I just heard a teenager say to his friend "dats my baby! i was hittin her up on myspace like gurllll. she got me steamin". must have missed the memo its 2005 and we still use myspace.
i hate when i ask a girl what she's being for halloween and the first word isn't "slutty"
That's ok. Our relationship has a solid foundation of booze and questionable behavior.
so i made out with some dude last night at the bar. and some girl just stood there and watched. i felt bad so i made out with her too. She looked like she felt left out.
I'm customer of the month for a 3rd time now at the Wine store. I've achieved so much in my life
I answered the door to some Jehovah Witnesses hungover and wearing nothing but a white tshirt. I think they made it the church goal to reform me, we've gotten four pamphlets. My mom's going to make me convert if they keep coming.
When I finally got there you were bleeding all over and you just kept saying over and over that the dog was your only friend at the party.
I was about to send you a concerned-for-your-safety text b/c it took you more than ten seconds to respond to a text that mentioned both the bar and lesbians
Last night we looked at each other with an expression of "fuck I am so done being normal", took off our shirts, and danced around in our bras
She's planning a December wedding, I'm planning on a June breakup.
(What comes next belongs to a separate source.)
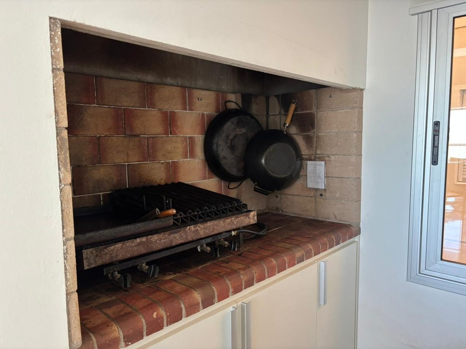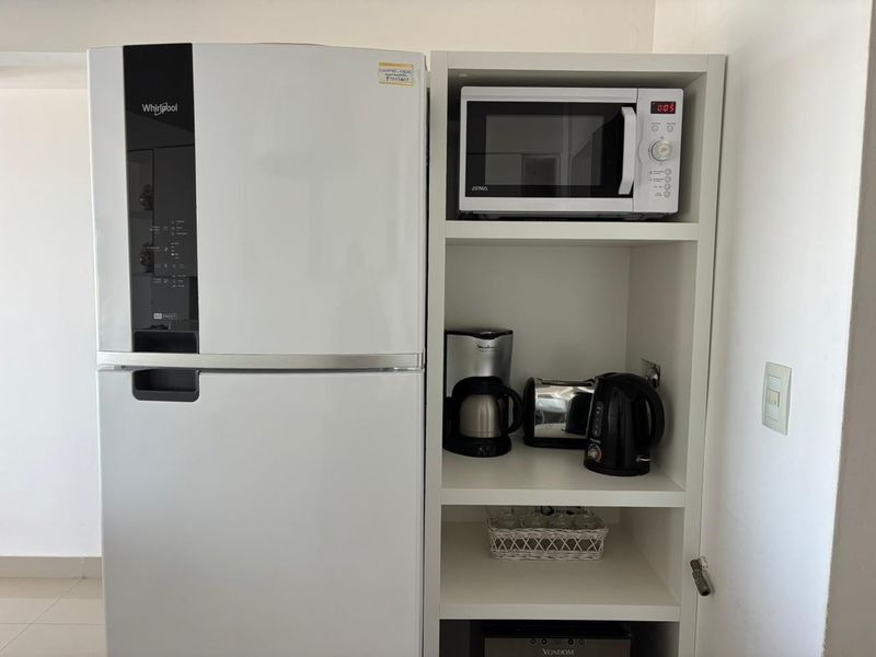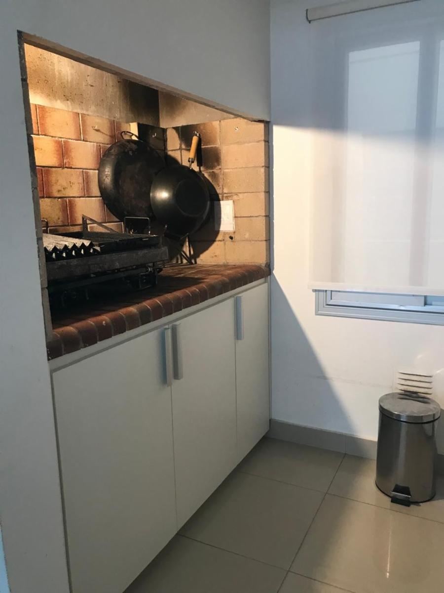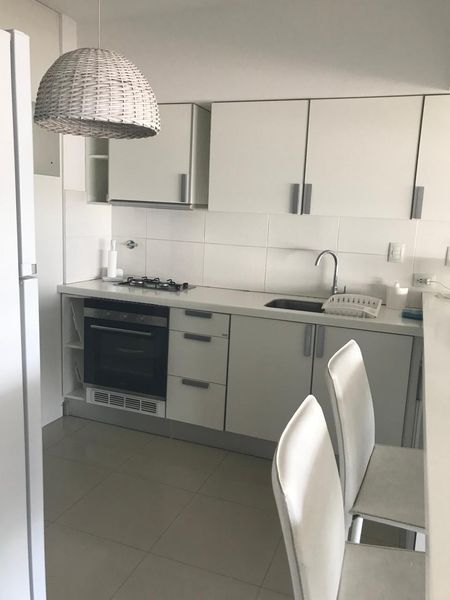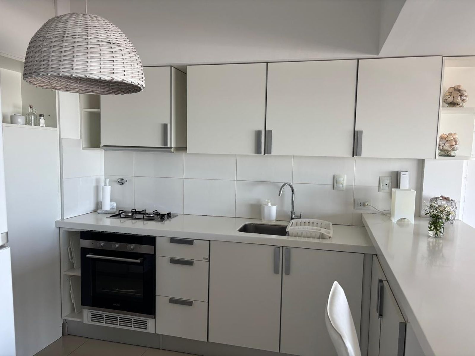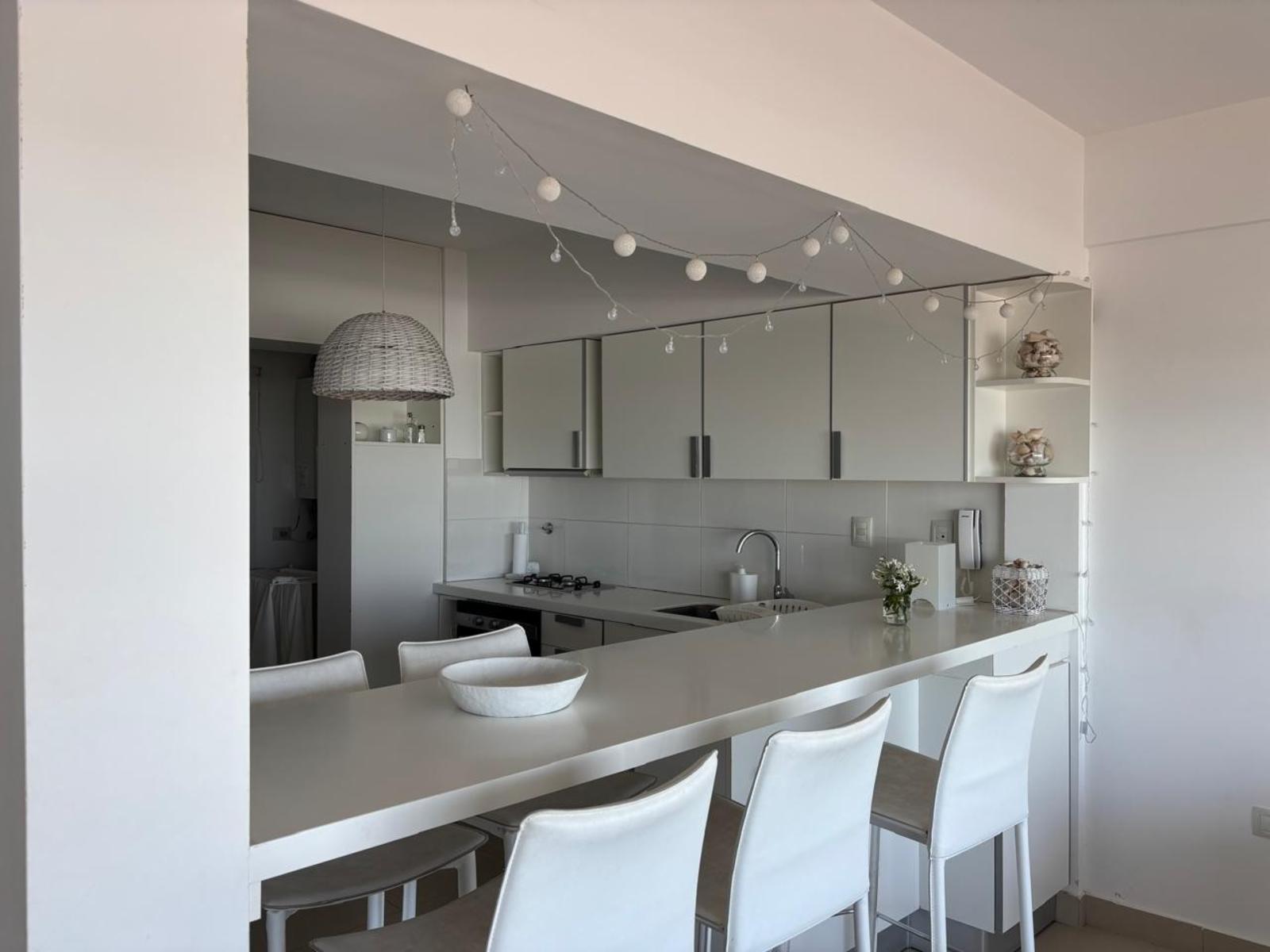 Cocina integrada de diseño, con barra desayunadora, electrodomésticos modernos, vajilla completa y detalles decorativos que suman calidez, lavadero y parrilla interna.

Crap I still need to get you a wedding gift. I'm just gonna give you a bag full of cash, lube, and condoms. And I'll use furry handcuffs instead of ribbon to tie the gift bag handles together.
I think that's the first time Navy dress blues and a Ninja Turtles onesie have been involved in the same makeout.
I need an IV, a new head, and stronger morals.
What could go wrong? i could have a mental breakdown with a bottle of champagne hand cuffed to a frat bro
You should come over tomorrow. Wine, pizza and my vagina. Those are all great things.